The most common dehydration techniques used in a standard laboratory are described below, see also Fig. 6.2.
Fig. 6.2

Diagram showing alternate options for laboratory dehydration. (a) Simple air exposure, (b) vapour control by exchanging well solution, (c) chemical exchange by serial soaking and (d) chemical exchange by soaking and slow equilibration Simple Air Exposure

This is the simplest dehydration method consisting in opening the crystallisation plate allowing the drops to dry for a certain amount of time prior to cryo-cooling (Fig. 6.2a). It is, of course, dependent on the ambient RH, temperature, size of the drops and chemical composition of the crystallisation solution. It is mainly responsible for the “I am getting better at harvesting crystals” syndrome, as with time, crystallographers either start harvesting faster (allowing for less dehydration in delicate samples) or they harvest numerous samples from an individual drop (allowing for the last ones to dehydrate more). It can also be induced during the final harvesting prior cryo-cooling by allowing the sample to dehydrate on the loop before the final plunge in liquid nitrogen. Uncontrolled dehydration is difficult to avoid but careful note taking and repetition is the key to getting to control or understand its effects. As crystals become more fragile, smaller and grown in smaller volumes the effect of dehydration by air exposure becomes more prevalent.

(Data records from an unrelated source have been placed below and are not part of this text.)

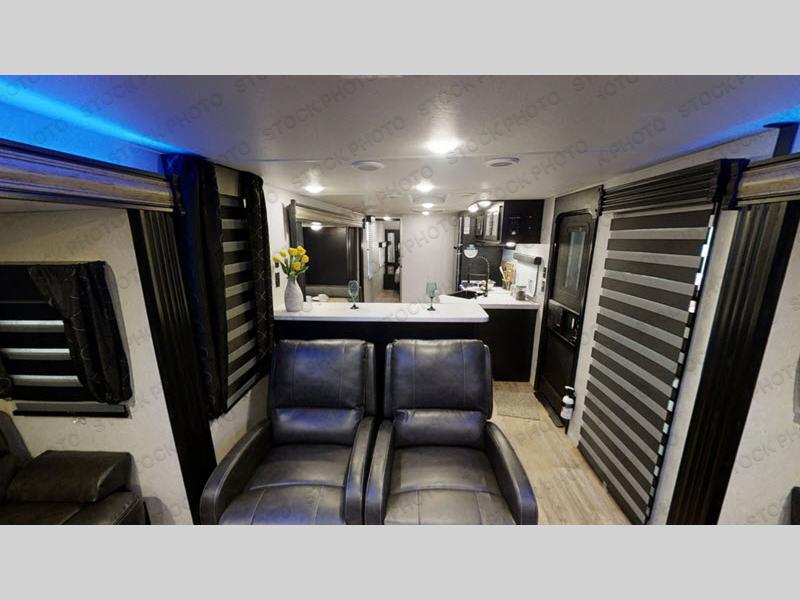 You will certainly want to plan more trips once you have this Cherokee travel trailer sitting in your driveway! With a private bedroom up front and a separate living room in the back, this trailer feels just like home. There is plenty of seating for everyone in the living room with the opposing sofa slides and the two lounge chairs, and the entertainment center will be easily viewed by all. If the weather is too nice to stay indoors, then you can all head outside and have a barbecue at the outdoor kitchen.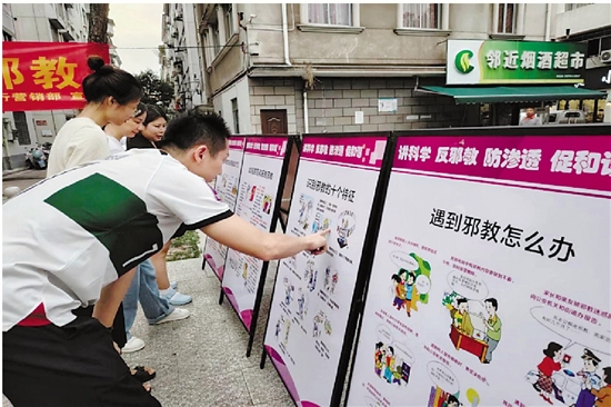 日前,金华开发区西关街道组织党员干部和志愿者走进五里亭社区,开展“普及反邪知识 增强防邪意识”警示教育讲座。西关派出所民警通过案例,向居民介绍了反邪教相关知识,耐心解答居民疑问,帮大家认清邪教危害,进一步提高识邪、防邪、拒邪能力。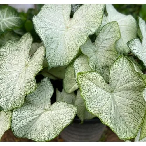 Transform your garden with 4 Caladium Bulbs for Planting, a perfect choice for adding vibrant foliage to shaded areas. These White Caladium Bulbs feature stunning, heart-shaped leaves with a delicate, elegant appearance. Ideal for zones 3-11, these Bulk Caladiums Tubers can be grown in containers, garden beds, and even indoors as houseplants.
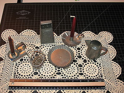 Title (ebay affiliate link): Assorted Primitive Punched Tin Metal Items.. Grater, Candleholder, Pitcher,

Vapour Control by Exchanging Well Solution

This is probably the most controllable way of undertaking dehydration in the laboratory. It is, for obvious reasons, only possible in vapour diffusion crystallisation samples and relies on using the same crystallisation drop for the actual experiment. The idea is to replace the well solution with increased amounts of a desiccating solution (Fig. 6.2b). The new solution will lower the water vapour pressure and in return “pull” water out of the crystallisation drop inducing a change in the crystals. This is normally undertaken by using some of the standard saturated calibration salt solutions but can also be done using crystallisation precipitants. Depending on the volumes available, dehydration can be achieved by simple addition of salts to the pre-existing well buffer or by replacing the well with a totally new solution. Dehydration is a slow and gradual process most of the time, which depends on the drop size and well volume. It can be undertaken in one single step or in progressive steps and normally, after a period of equilibration (normally between 8 and 24 h), samples are harvested and stored for data collection. The most attractive feature of this dehydration method is its simplicity and easy implementation. It can be undertaken whenever samples are available and once the optimal conditions are found it is very easy to reproduce. It can be achieved at any temperature and in general the presence of highly volatile compounds in the crystallisation solutions is not a concern. Dehydration by Chemical Exchange of Crystallisation Droplet

As discussed earlier, this process is potentially happening during the standard cryo-cooling or soaking procedures (Fig. 6.2c,d). The main difference between this and the previous method described (Sect. is that here it is possible to change the chemical components of the crystallisation drop and not only the concentration of the pre-existing ones. This procedure opens the possibility that the chemical used for dehydration alters the structure and/or the resulting diffraction by chemical modification rather than dehydration. In addition, the rate of exchange is more difficult to control and normally carried out by slow diffusion of buffers with increased concentration. If crystallisation droplets are very small, it is easy to cause a shock on the crystals, therefore pre-mixing solutions to the target concentration can sometimes help. The simplest way of chemical dehydrating is by dialysis. This only requires replacing the solutions and, due to the dialysis membrane, it is very gentle and controllable.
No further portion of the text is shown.